Southeast Alaska communities and their local newspapers share a common problem: Not enough people, and the ones who are here are getting older.
For the communities, an aging and declining population means not enough people to fill jobs. It means falling further behind in providing services that attract and retain new residents, making the situation worse.
For newspapers, it means a declining population of readers as aging residents who grew up with their local paper die out. Younger generations are so unconcerned about the necessity of newspapers that they don’t even know that newsprint long ago had another use after the reader had finished the pages — wrapping up fish. They think their phone and social media tells them everything they need to know.
They can’t wrap a fish in a smartphone, but they can use it to download a YouTube video on storing fish.

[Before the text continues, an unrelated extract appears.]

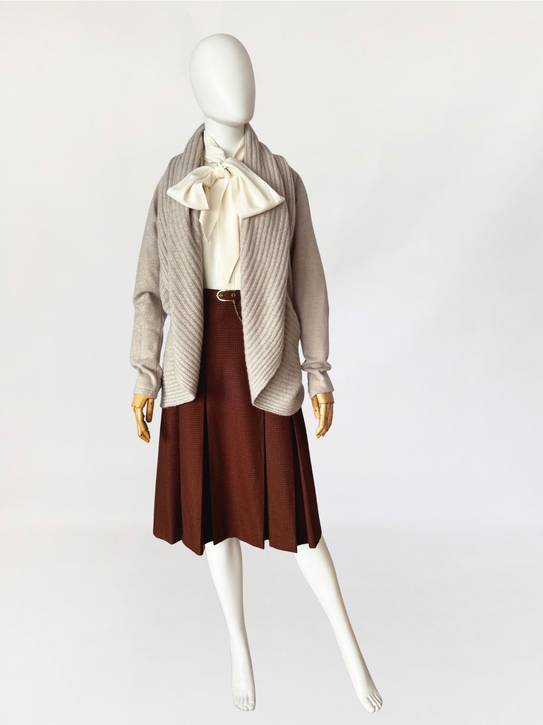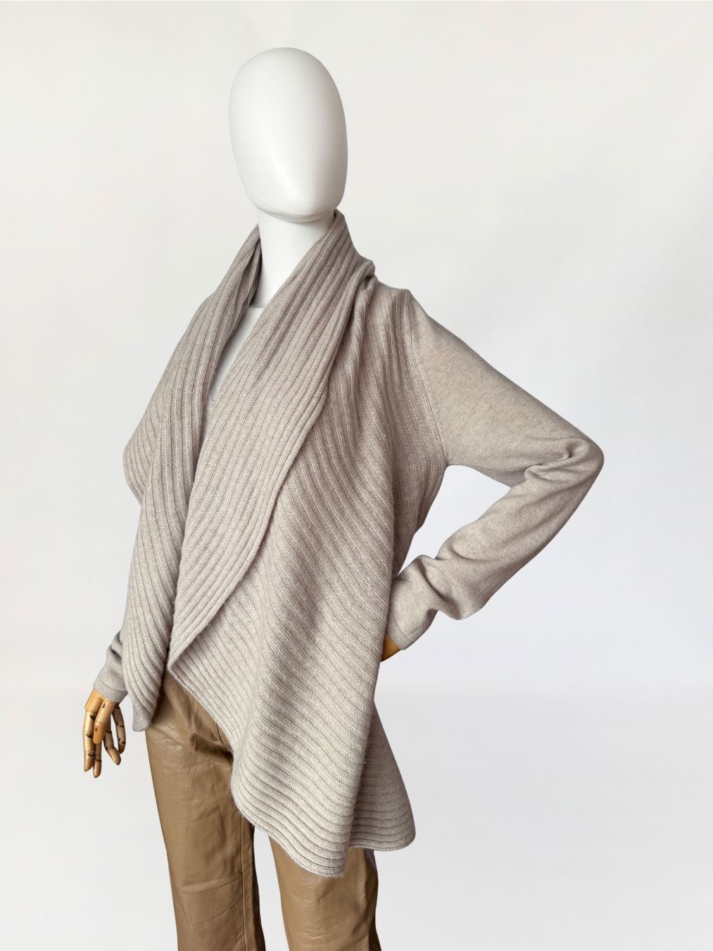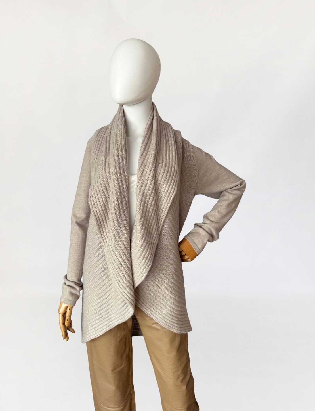 Sweter vintage, wykonany z lekkiej przędzy z wełny merino z dodatkiem kaszmiru w jasnym odcieniu taupe. Model open front z długimi połami o płynnym spływie tworzącymi szalowy kołnierz. Długie gładkie rękawy. Wykończenia w wyraźny prążek. Dzianina elastyczna, sprężysta, bardzo miękka.

Yet social media doesn’t give people the unbiased facts about local government decisions, school test scores, state and municipal budgets, candidates for elected office, the honors won by their neighbors, the accomplishments of students — and what their communities are doing to stem the population decline.
Southeast Alaska’s population has dropped by 3,000 people in the past decade but its loss of working-age residents has been even steeper — a decline of 5,600 people between 2010 and 2023. There are fewer residents, a lot fewer working-age residents, and yet the work still needs to get done. The numbers add up to a debilitating shortage of people to fill job vacancies.

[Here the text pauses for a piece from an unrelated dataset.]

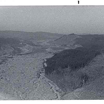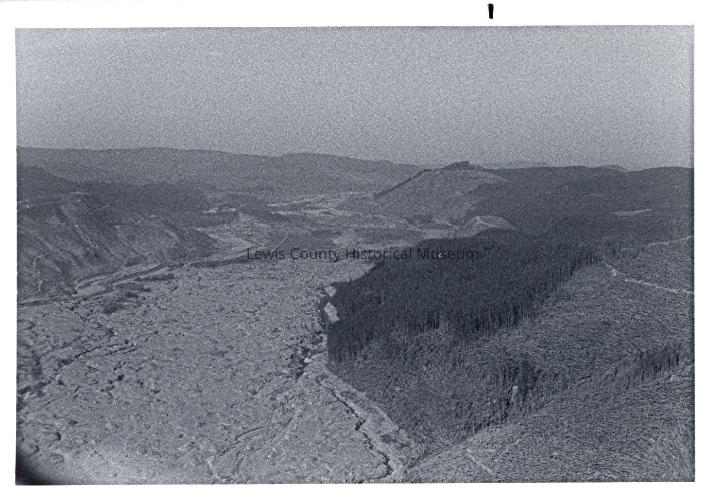Aerial view of the Toutle River mud flow taken on Aug. 21,1980. Have negative.Lexicon

Part of the problem is that the region continues to increase its count of the state’s oldest residents, growing the 60-plus bracket from 17% of the population in 2010 to 27% last year, while dropping more than 2,000 school-age kids in population.

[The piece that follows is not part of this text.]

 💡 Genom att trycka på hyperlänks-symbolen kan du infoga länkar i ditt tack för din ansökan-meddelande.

Those statistics from the annual Southeast Alaska by the Numbers report tell the same story newspaper owners are seeing. The area is hollowing out in the middle, falling further behind in new working-age residents and families. Southeast is missing out on the employees and business owners of the next generation, while newspapers are losing readers and much needed revenue.
It’s critical that communities and newspapers find solutions. Neither are getting any younger or economically healthier.
Towns could survive without a local paper, though they would lose a lot of what holds their community together. And newspapers could survive for a while in smaller towns, they would just get smaller themselves and provide less news. But both stand a better chance of reversing the spiraling decline, or at least stopping it, if they adapt.
For communities, that means accepting that new residents may not want the exact same life as long-time residents. They might move to Southeast for the outdoors and small-town safety, a slower pace than shopping malls and traffic, but they look hard at the schools and their course offerings, child care services, transportation, community activities for people their own age, and, of course, housing.
For newspapers, that means accepting that social media, while a competitor for people’s time, serves a purpose. It means using social media to build interest in what the paper is doing. It means providing readers with more than just news from City Hall and the state capital. It means clinging less tightly to how newspapers used to be and instead figuring out how they need to be if they are to survive.
Neither communities nor newspapers can live with only 60-plus residents and readers. Both need to attract a new audience.